Clients often ask me if filing for bankruptcy could prevent them from getting a job. There is a new law in California that address that issue for many of my clients. Subject to several exceptions listed below, most California employers cannot review your credit report beginning January 1, 2012
Jobs that allow a credit check include:
- A position in the state Department of Justice
- A managerial position
- A position as a sworn peace officer or other law enforcement job
- A position for which the information is required by law
- A position that involves access to specified personal information such as social security numbers
- A position in which the person is a named signatory on the employer’s bank or credit card account
- A position that involves access to confidential or proprietary information such as trade secrets
- A position that involves regular access to $10,000 or more of cash like a bank teller or financial adviser
Any employer who orders the credit report of an employee or job applicant must give you notice that a credit report will be ordered along with an explanation of what exemption allows this access.

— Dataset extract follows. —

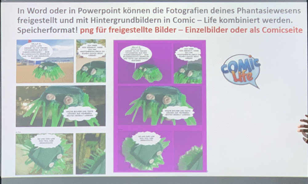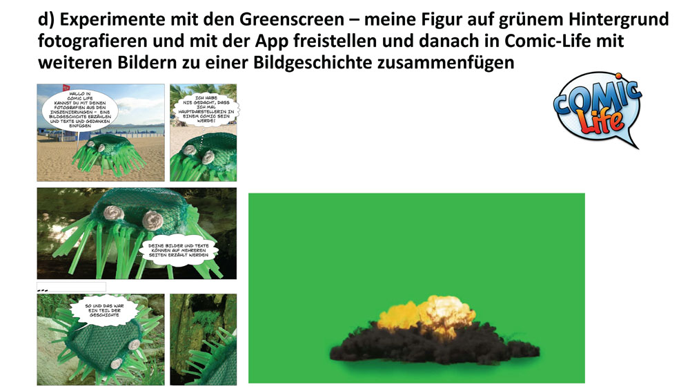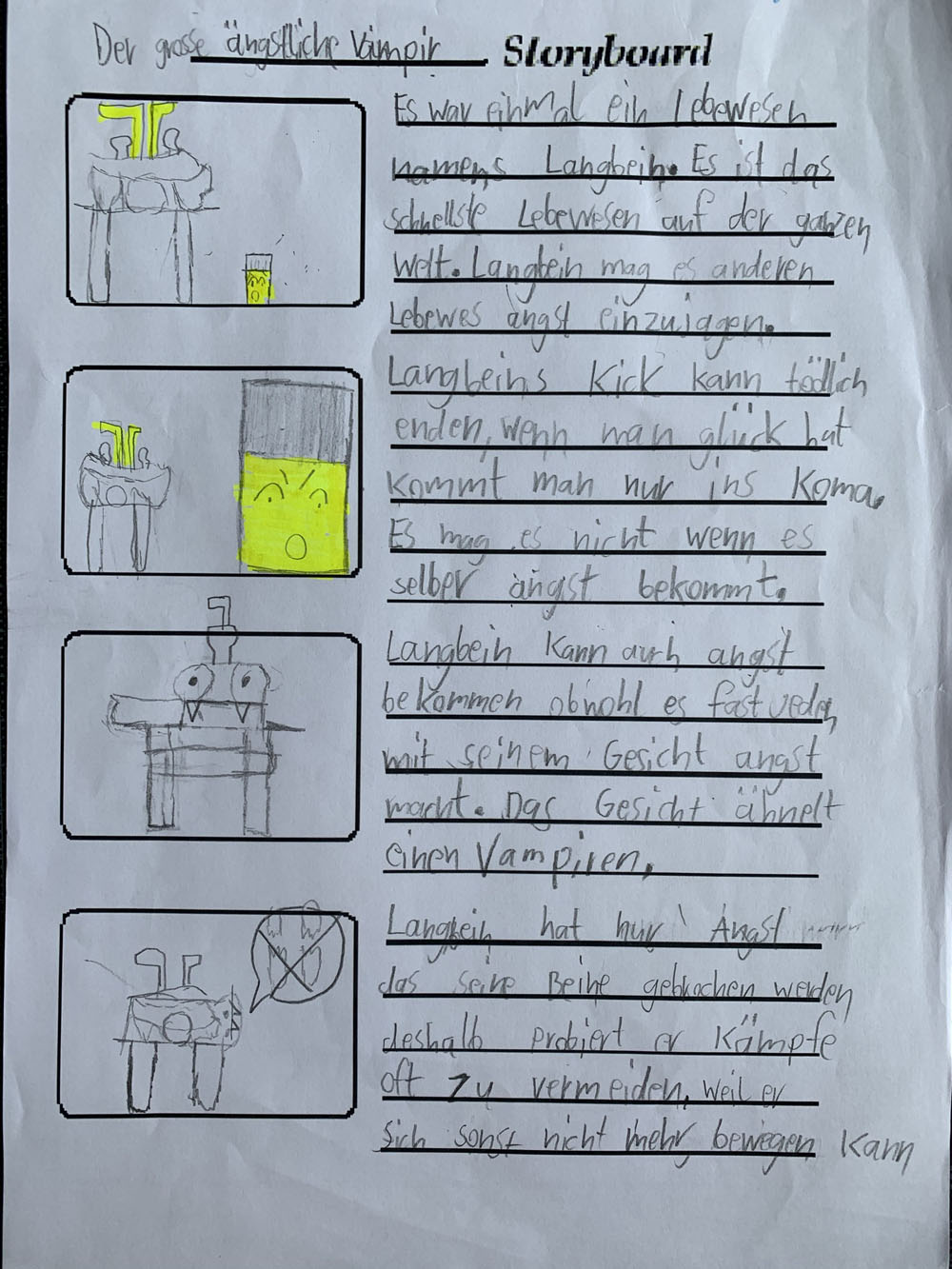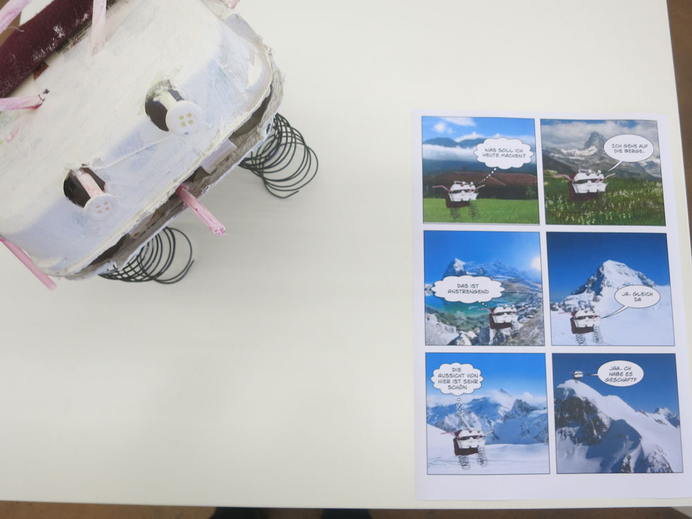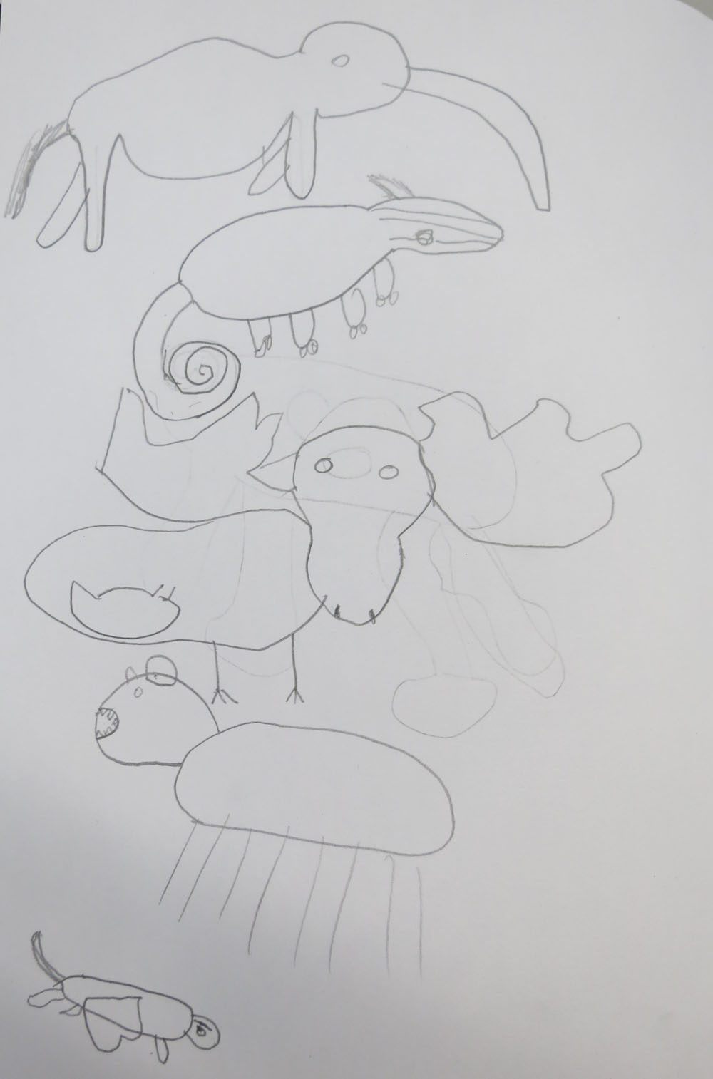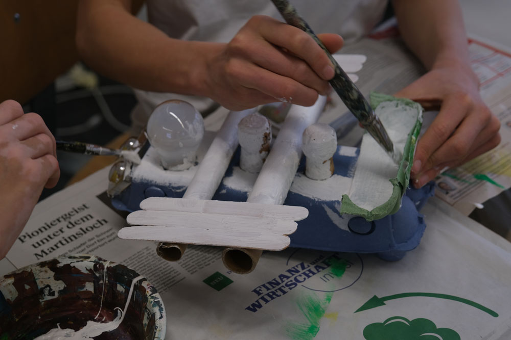 À partir de divers matériaux, les élèves élaborent des créatures fantastiques en imaginant et en expérimentant, en collant et en emboîtant, en combinant et en construisant. Ils s’inspirent d’un choix de matériaux recyclés pour créer des figurines. Les élèves utilisent ensuite une créature pour expérimenter librement les jeux d’ombre et de lumière, et prennent des photos en variant les points de vue, le cadrage et les proportions. À l’aide de leurs photographies, d’une fiche descriptive et d’un story-board, ils créent une histoire visuelle personnelle autour de leur créature.

Section 525 of the Bankruptcy Code prohibits an employer from firing an employee “solely” because they filed for bankruptcy, but the Code is silent with respect to pre-employment discrimination due to bankruptcy. California joins Maryland, Oregon, Hawaii, Illinois, Washington and Connecticut in limiting the use of pre-employment credit reports, thus providing some protection to job applicants that files for bankruptcy and do not wish to reveal that fact to a prospective employer.